MAC protocols; reinforcement learning; underwater acoustic sensor networks

1. Introduction

Medium access control (MAC) is one of the key requirements in underwater acoustic sensor networks (UASNs), garnering a major interest in the research community [1,2,3]. As an analogue of terrestrial sensor networks, UASNs are envisaged to enable a multitude of civilian and military applications [4,5,6]. To advance these applications, sensor nodes are being developed to be small/compact for easy transport, given that the environment is characteristically challenging to access. There is interest in new sensor nodes being energy efficient for longer deployments; as currently, there is no viable energy harvesting technology. Nodes should also be inexpensive to lower the overall cost, since UASNs are envisaged to be deployed to cover substantial marine areas and require a large number of devices. Employing acoustic waves in UASNs imposes some unique channel-centric constraints, such as: limited distance and frequency dependent capacity (bandwidth and data rate), long and variable propagation delay and high bit error rate (BER) on the design of UASNs [2,4,7]. As such, there is growing demand for efficient MAC solutions, especially adaptive MAC protocols for practical networks in the highly dynamic underwater environment.
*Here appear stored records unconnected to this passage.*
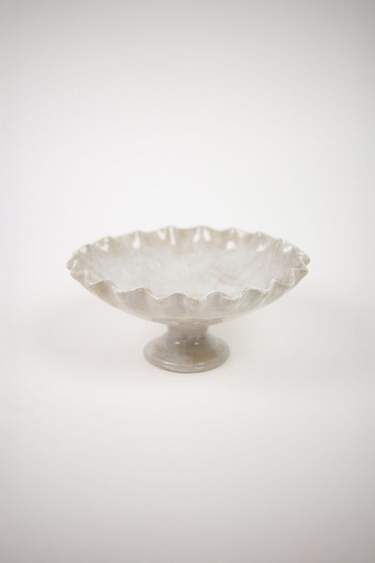 Vakker serveringsskål med bølget kant og blank overflate.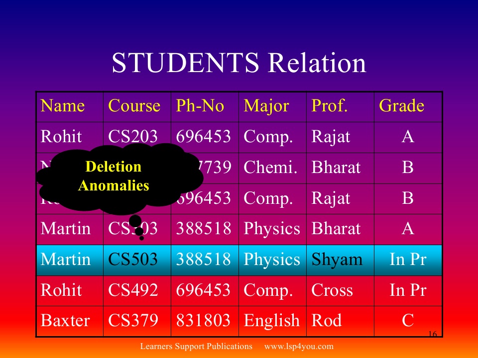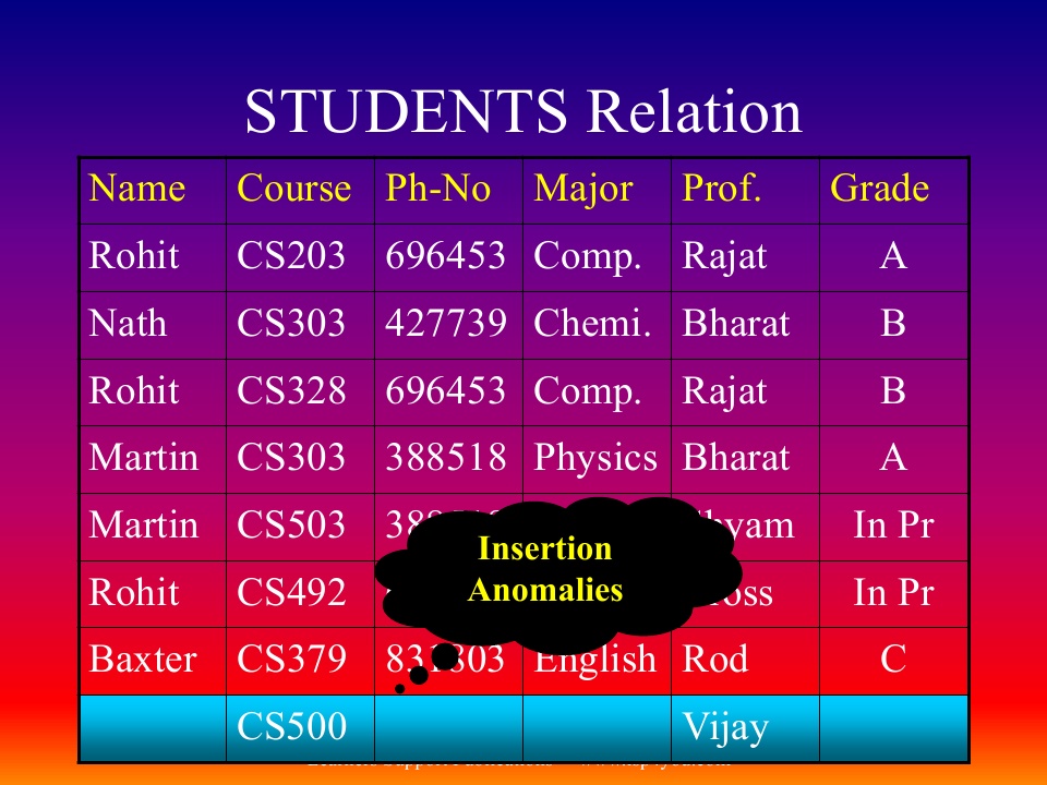 Update, Insert, Delete Anomalies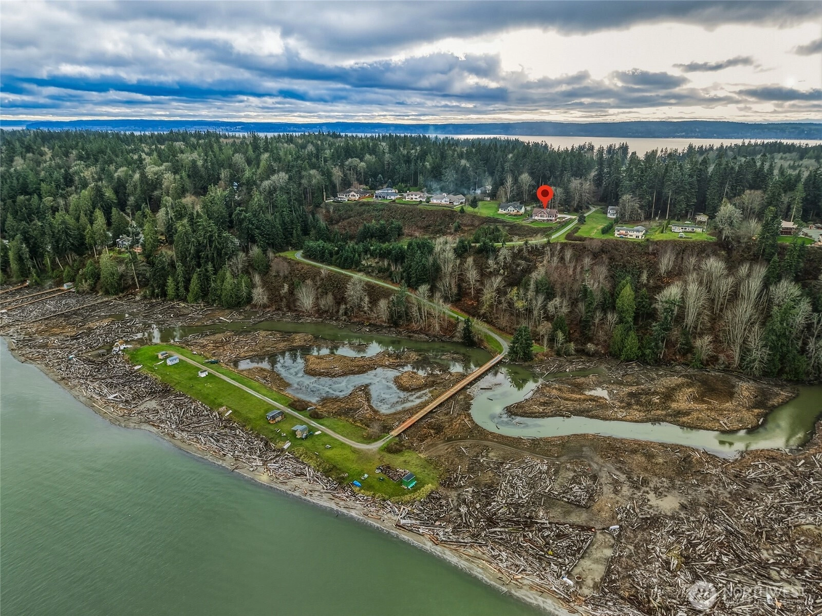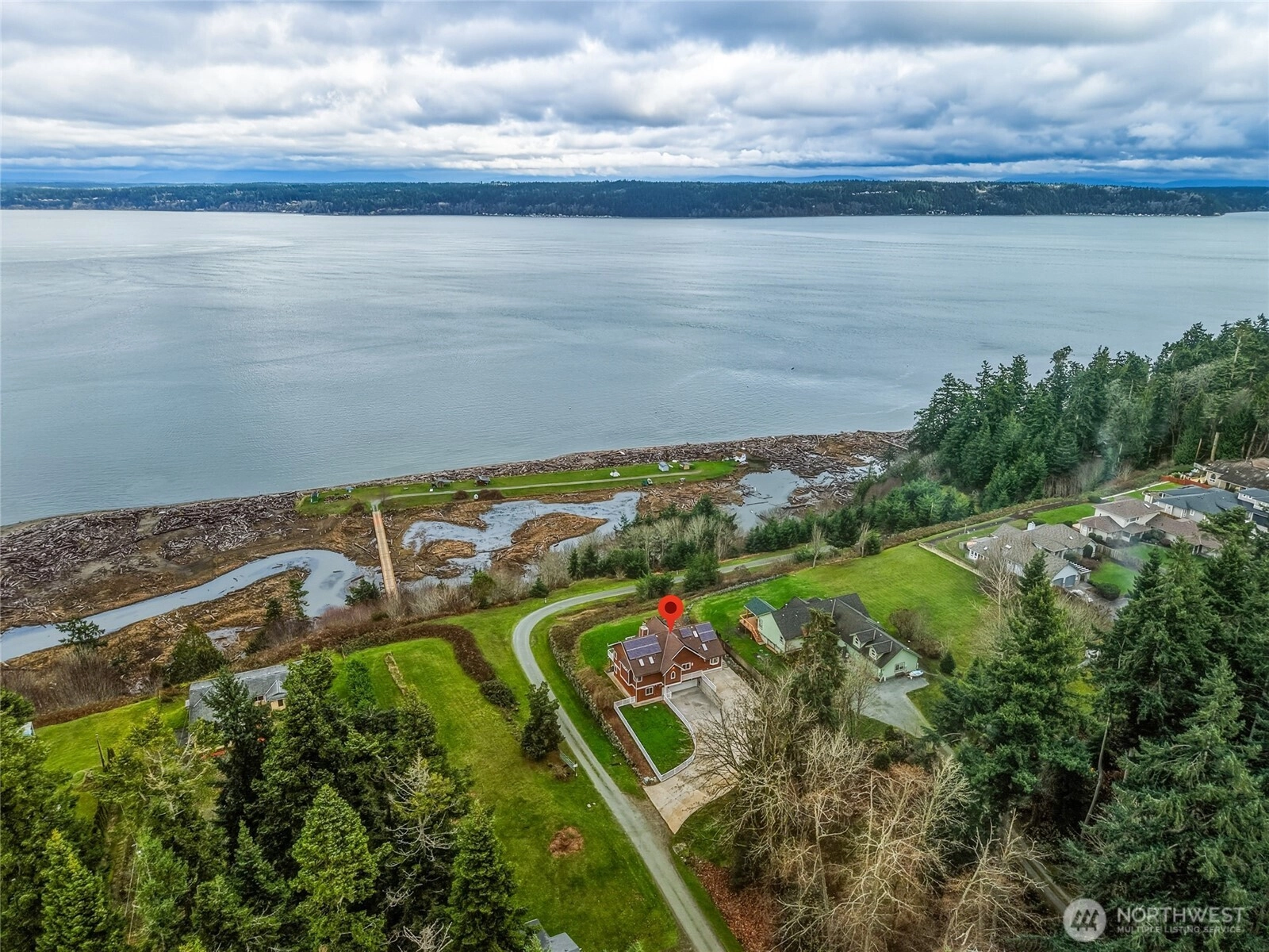 Waterfront perfection on 2.7 acres—an extraordinary estate with private deeded tidelands, direct beach access & sweeping, unobstructed views of Port Susan Bay, the Cascades & Mt. Baker. Custom-built, Baltic Birch hardwood floors flow through an open, light-filled main floor. Gourmet kitchen w/ custom cabinetry, big island & new appliances seamlessly connect to living spaces framing panoramic Sound & mtn. vistas. Main-floor view primary suite w/ 5 pc. bath, fireplace & walk-in closet. Three additional bedrooms, bonus room & office. Fully remodeled lower level w/ separate entrance, plumbed for future MIL suite. Spacious finished garage. One of a kind home where privacy, panoramic views, and waterfront living converge! Incredible value for this package... Welcome Home!

Although preliminary studies on adopting existing MAC techniques/schemes from the vast body of work on terrestrial MAC protocols to underwater networks was largely found to be ineffective [1,8], the insight from the underlying principles remains useful. As a general guide, the network topology gives an insight into the appropriate category of MAC scheme to employ, with contention-free and contention based schemes better suited to centralised and decentralised topologies, respectively. Centralised topologies typically facilitate schedule creation and coordination from a central controlling node. Therefore, uncoordinated channel access becomes too contentious and less efficient. On the other hand, in a decentralised topology, such coordination is prohibitively challenging to implement, and the limited resources make contention-free protocols inefficient.
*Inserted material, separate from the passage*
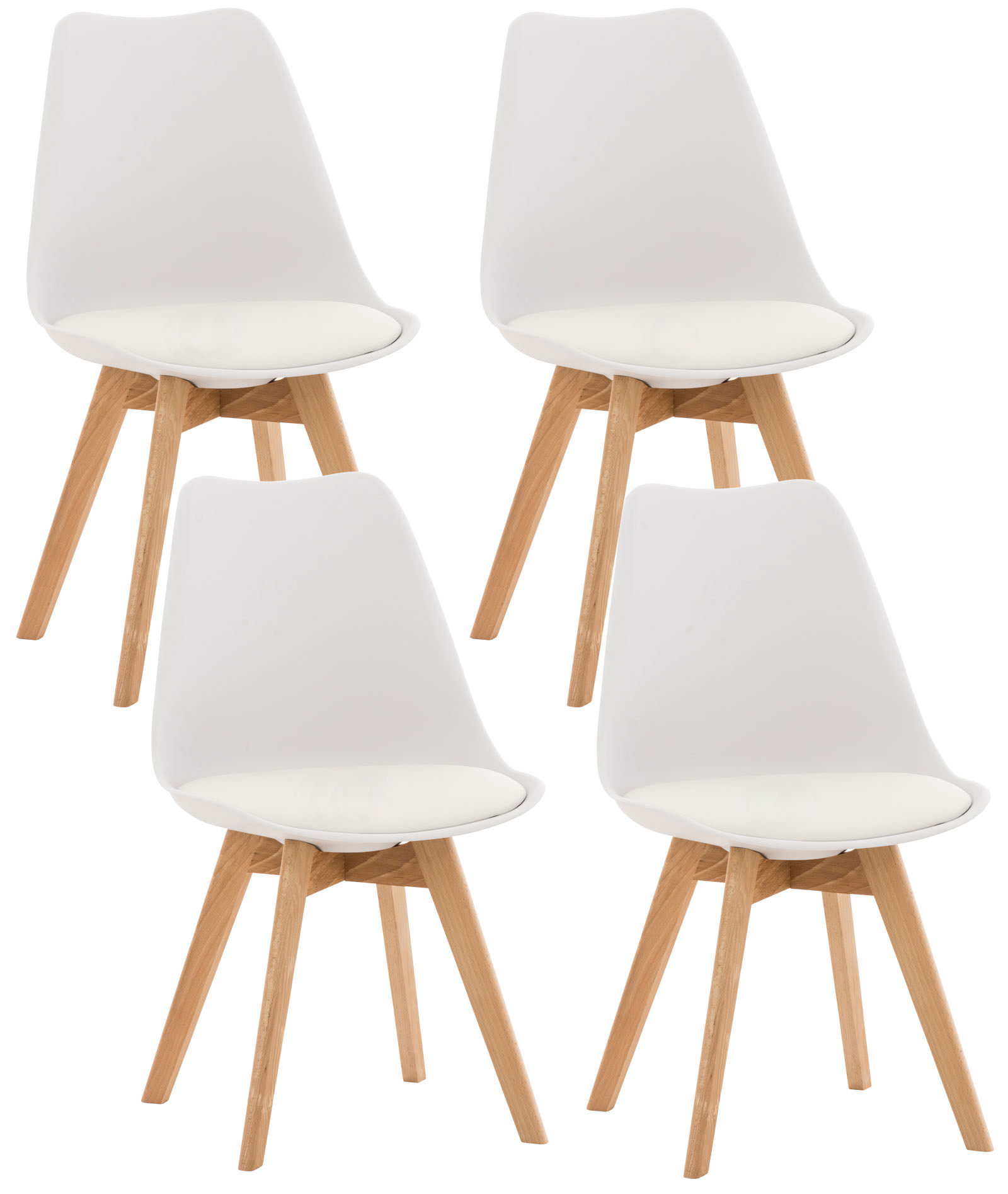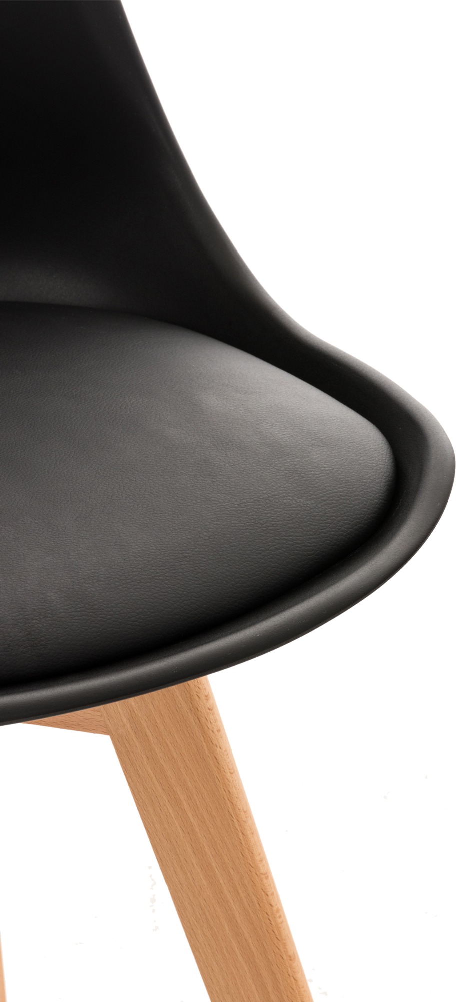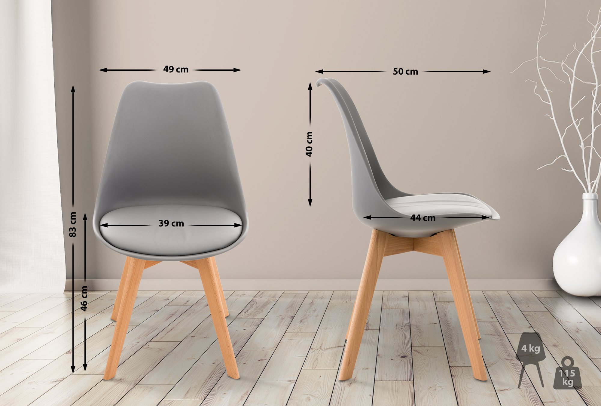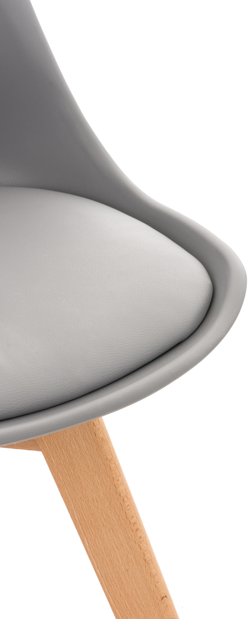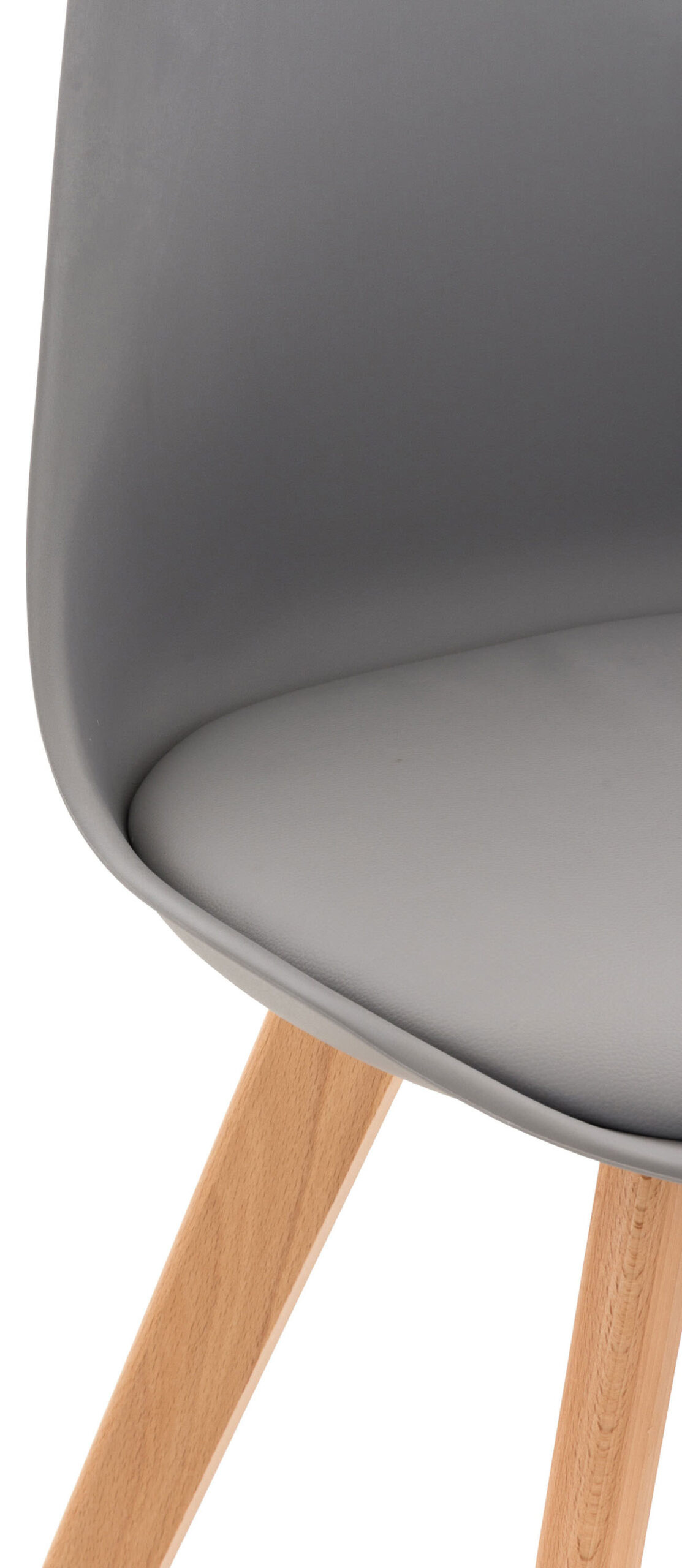 Dieser komfortable Stuhl besticht nicht nur durch hervorragende Sitzeigenschaften, sondern auch durch den spannenden Materialmix. Die Sitzschale ist aus stabilem Kunststoff gefertigt und mit einem Sitzpolster ausgestattet. Dabei stehen verschiedenste Materialien zur Auswahl, wie Stoff, Samt, Cord, Kunstleder oder ein Bezug in Lederoptik. Die Verwendung pflegeleichter Materialien gewährleistet eine mühelose Reinigung des Esszimmerstuhls zu jeder Zeit. Getragen von einem zeitgemäßen 4-Fuß Holzgestell, aus Buchenholz, präsentiert sich der Stuhl bei jeder Gelegenheit vorteilhaft. Zudem sind Bodenschoner an den Füßen angebracht, um den Boden vor Kratzern zu schützen.

Code division multiple access (CDMA) and frequency division multiple access (FDMA) are promising contention-free schemes considered for UWASNs [9,10]. CDMA assigns unique binary codes to users (nodes) to spread the information signal, thereby offering the complete frequency band to nodes for simultaneous transmissions. Frequency hopping and direct sequence spread spectrum (FHSS and DSSS, respectively) are the standard modulations employed in this scheme. FDMA splits the channel into distinctive frequency bands and assigns them to different users. In this way, users can initiate concurrent transmissions without incurring collisions [5,10]. While the radio bandwidth (GHz) enables the implementation of these schemes with relative ease, in UANS, the available bandwidth is very limited (kHz).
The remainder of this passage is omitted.